(What needs to be done):
Beginning at the line containing "don't exist. Samefag" in the material below and ending at the line containing "Рассмотри рисунок. Расскажи, чем", return each line exactly and add nothing.

(Data):
▬▬▬

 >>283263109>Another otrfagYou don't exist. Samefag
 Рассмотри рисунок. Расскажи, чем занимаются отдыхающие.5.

▬▬▬

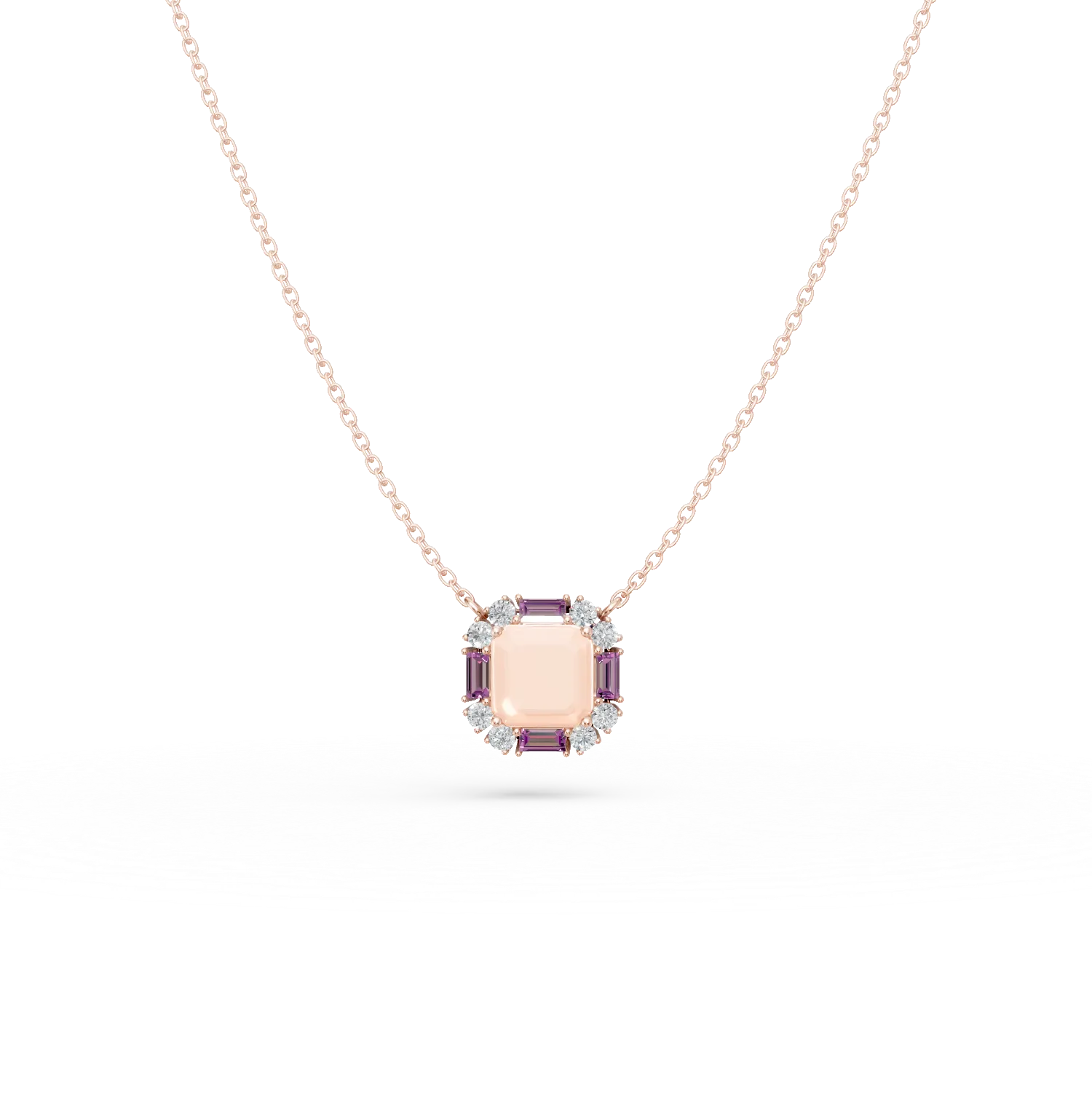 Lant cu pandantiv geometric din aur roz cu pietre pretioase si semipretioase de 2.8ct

▬▬▬

(Output below):
 >>283263109>Another otrfagYou don't exist. Samefag
 Рассмотри рисунок. Расскажи, чем занимаются отдыхающие.5.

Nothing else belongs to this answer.